(TASK STATEMENT) Please retype the entries below exactly, only from their first line through the line containing "مسألة 1: (ولا", leaving every picture out.

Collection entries
• • • • •

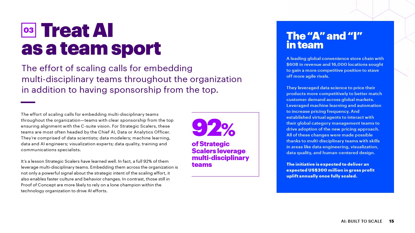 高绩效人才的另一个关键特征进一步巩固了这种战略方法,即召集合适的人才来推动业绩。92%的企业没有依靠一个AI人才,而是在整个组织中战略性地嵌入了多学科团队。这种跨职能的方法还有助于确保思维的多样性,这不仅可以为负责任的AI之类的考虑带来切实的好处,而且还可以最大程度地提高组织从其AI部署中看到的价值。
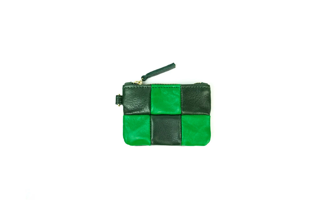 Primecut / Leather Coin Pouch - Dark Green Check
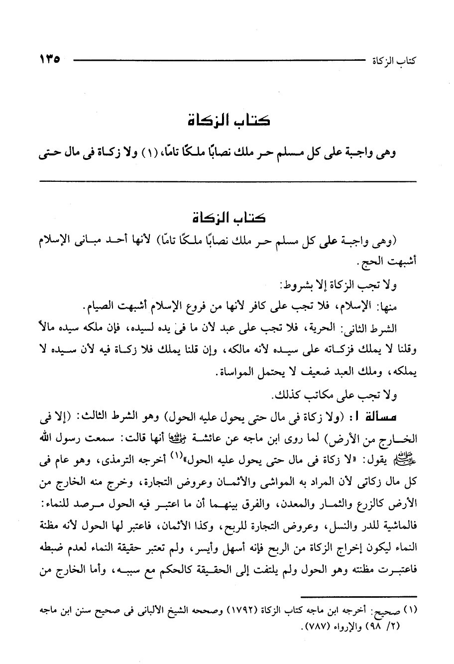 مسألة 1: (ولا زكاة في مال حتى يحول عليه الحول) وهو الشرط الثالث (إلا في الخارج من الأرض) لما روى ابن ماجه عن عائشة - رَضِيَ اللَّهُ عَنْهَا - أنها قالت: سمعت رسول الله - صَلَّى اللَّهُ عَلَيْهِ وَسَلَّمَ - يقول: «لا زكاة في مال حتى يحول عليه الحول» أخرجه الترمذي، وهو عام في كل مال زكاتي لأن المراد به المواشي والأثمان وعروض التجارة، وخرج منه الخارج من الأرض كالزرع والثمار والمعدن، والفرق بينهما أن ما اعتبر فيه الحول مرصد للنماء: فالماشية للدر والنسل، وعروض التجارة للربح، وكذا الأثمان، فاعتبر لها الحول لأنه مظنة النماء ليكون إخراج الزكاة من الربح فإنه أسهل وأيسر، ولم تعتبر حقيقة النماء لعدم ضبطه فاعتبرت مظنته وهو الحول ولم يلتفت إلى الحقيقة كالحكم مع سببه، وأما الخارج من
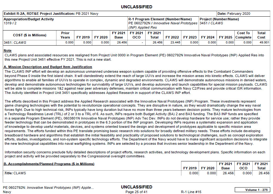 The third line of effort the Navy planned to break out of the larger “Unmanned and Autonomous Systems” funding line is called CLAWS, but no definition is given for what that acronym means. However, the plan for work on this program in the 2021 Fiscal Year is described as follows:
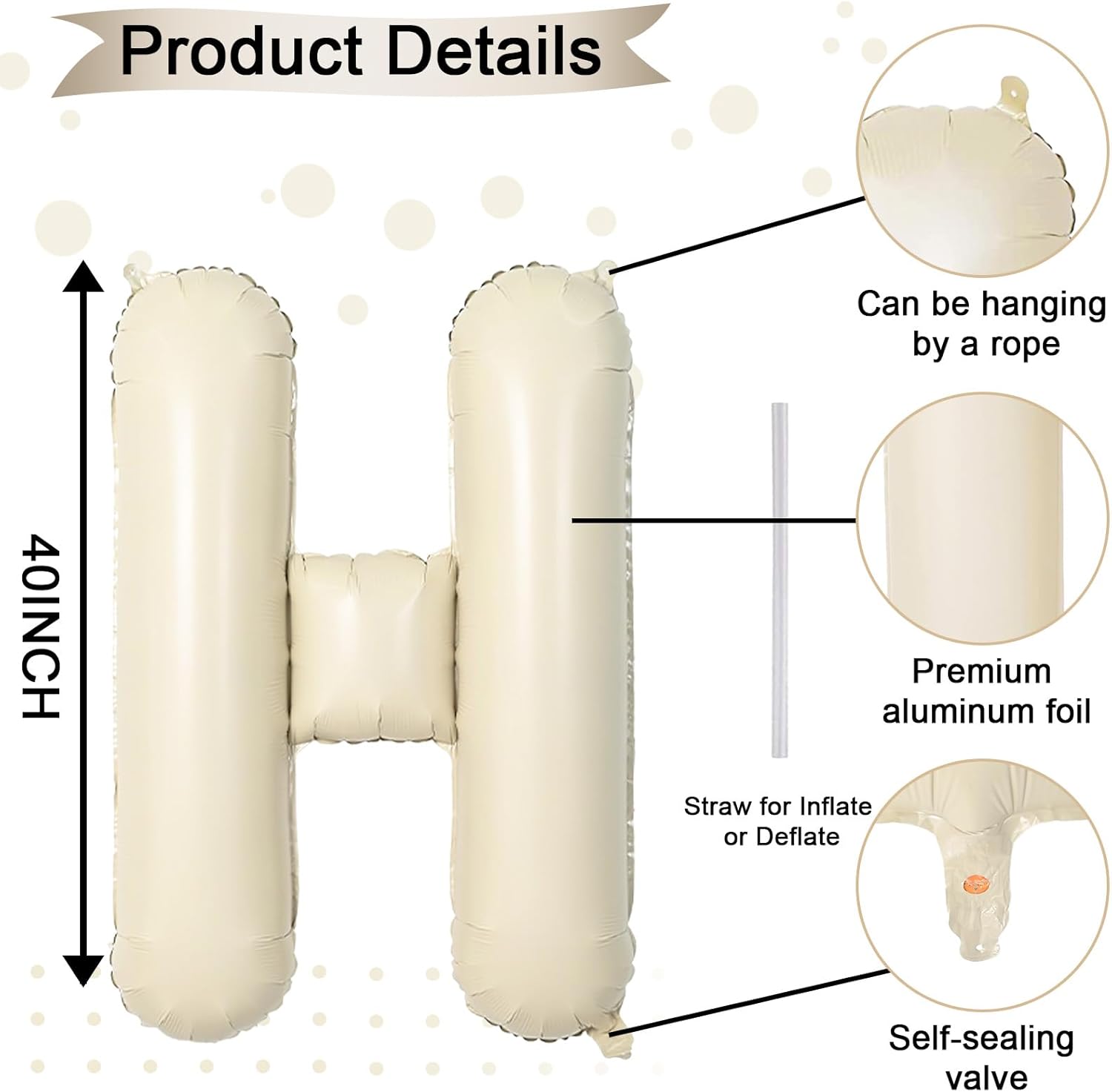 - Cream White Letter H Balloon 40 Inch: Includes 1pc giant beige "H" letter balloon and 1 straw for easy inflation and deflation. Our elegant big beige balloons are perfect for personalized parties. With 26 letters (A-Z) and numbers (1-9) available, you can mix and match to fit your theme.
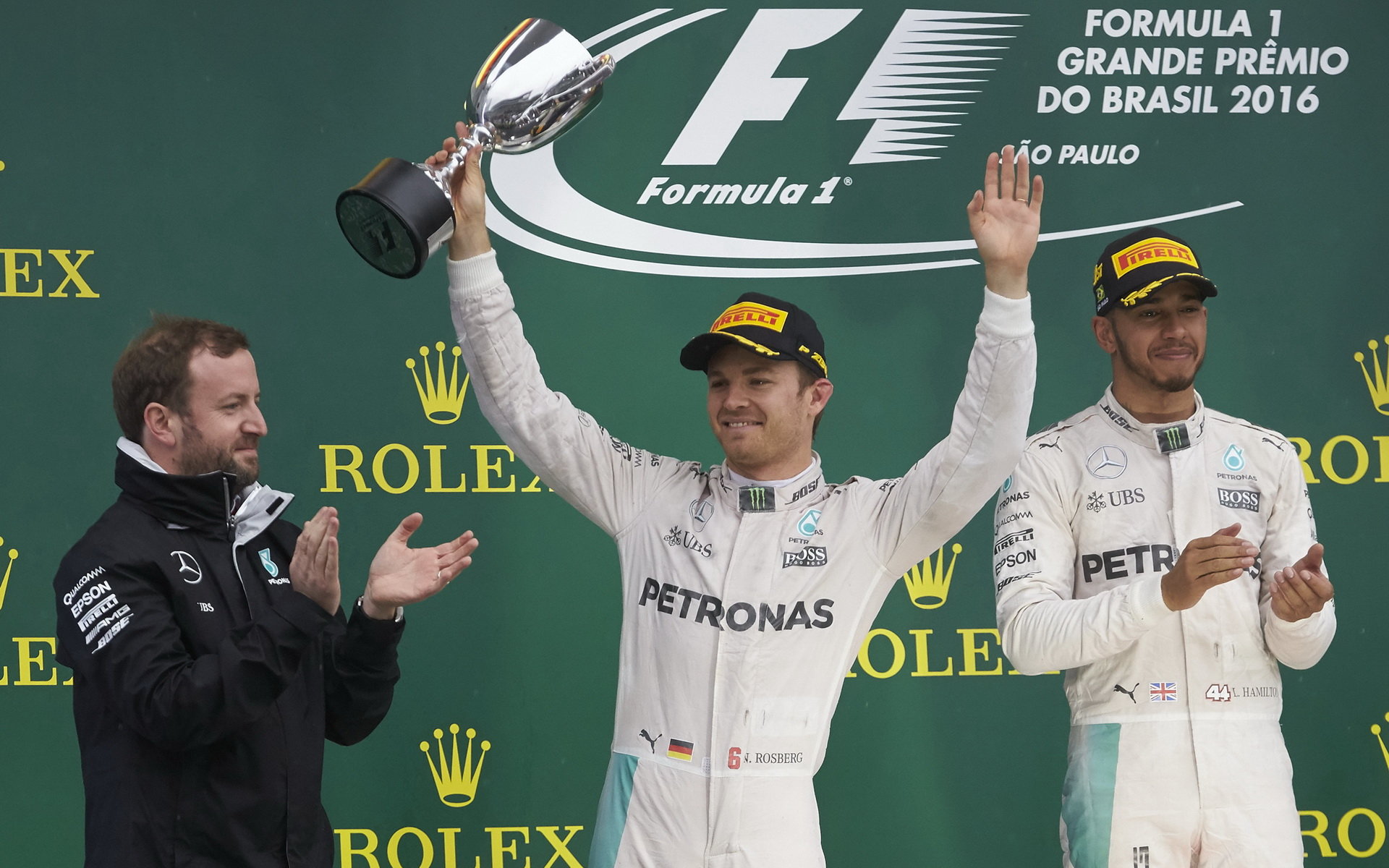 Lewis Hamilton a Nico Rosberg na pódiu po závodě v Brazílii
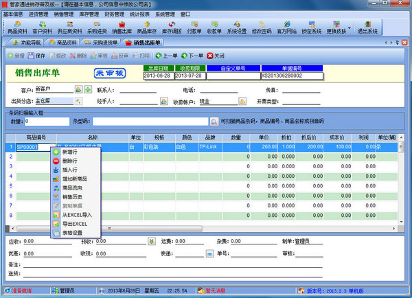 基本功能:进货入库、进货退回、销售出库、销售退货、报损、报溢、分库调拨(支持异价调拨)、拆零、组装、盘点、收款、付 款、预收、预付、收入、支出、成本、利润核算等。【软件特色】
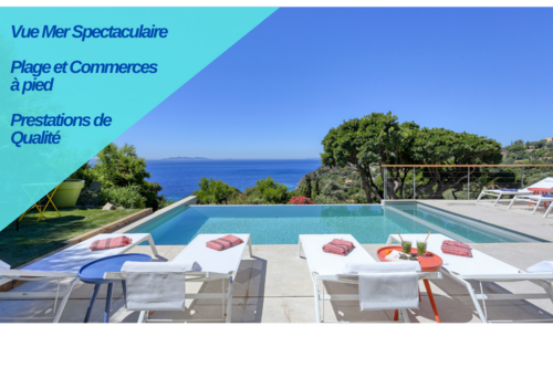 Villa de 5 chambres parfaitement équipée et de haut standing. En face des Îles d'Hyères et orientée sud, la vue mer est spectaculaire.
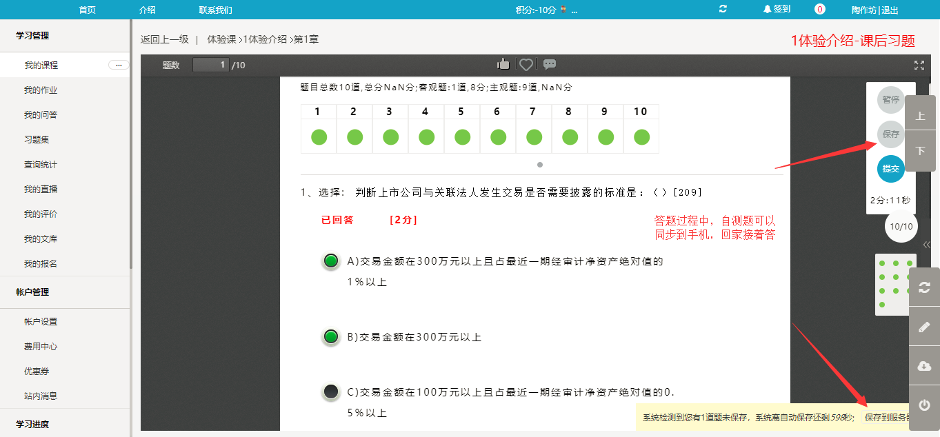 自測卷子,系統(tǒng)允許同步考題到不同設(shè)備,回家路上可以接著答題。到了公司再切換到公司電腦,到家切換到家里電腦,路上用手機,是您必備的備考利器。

• • • • •

(OUTPUT OF THE EXERCISE)
 高绩效人才的另一个关键特征进一步巩固了这种战略方法,即召集合适的人才来推动业绩。92%的企业没有依靠一个AI人才,而是在整个组织中战略性地嵌入了多学科团队。这种跨职能的方法还有助于确保思维的多样性,这不仅可以为负责任的AI之类的考虑带来切实的好处,而且还可以最大程度地提高组织从其AI部署中看到的价值。
 Primecut / Leather Coin Pouch - Dark Green Check
 مسألة 1: (ولا زكاة في مال حتى يحول عليه الحول) وهو الشرط الثالث (إلا في الخارج من الأرض) لما روى ابن ماجه عن عائشة - رَضِيَ اللَّهُ عَنْهَا - أنها قالت: سمعت رسول الله - صَلَّى اللَّهُ عَلَيْهِ وَسَلَّمَ - يقول: «لا زكاة في مال حتى يحول عليه الحول» أخرجه الترمذي، وهو عام في كل مال زكاتي لأن المراد به المواشي والأثمان وعروض التجارة، وخرج منه الخارج من الأرض كالزرع والثمار والمعدن، والفرق بينهما أن ما اعتبر فيه الحول مرصد للنماء: فالماشية للدر والنسل، وعروض التجارة للربح، وكذا الأثمان، فاعتبر لها الحول لأنه مظنة النماء ليكون إخراج الزكاة من الربح فإنه أسهل وأيسر، ولم تعتبر حقيقة النماء لعدم ضبطه فاعتبرت مظنته وهو الحول ولم يلتفت إلى الحقيقة كالحكم مع سببه، وأما الخارج من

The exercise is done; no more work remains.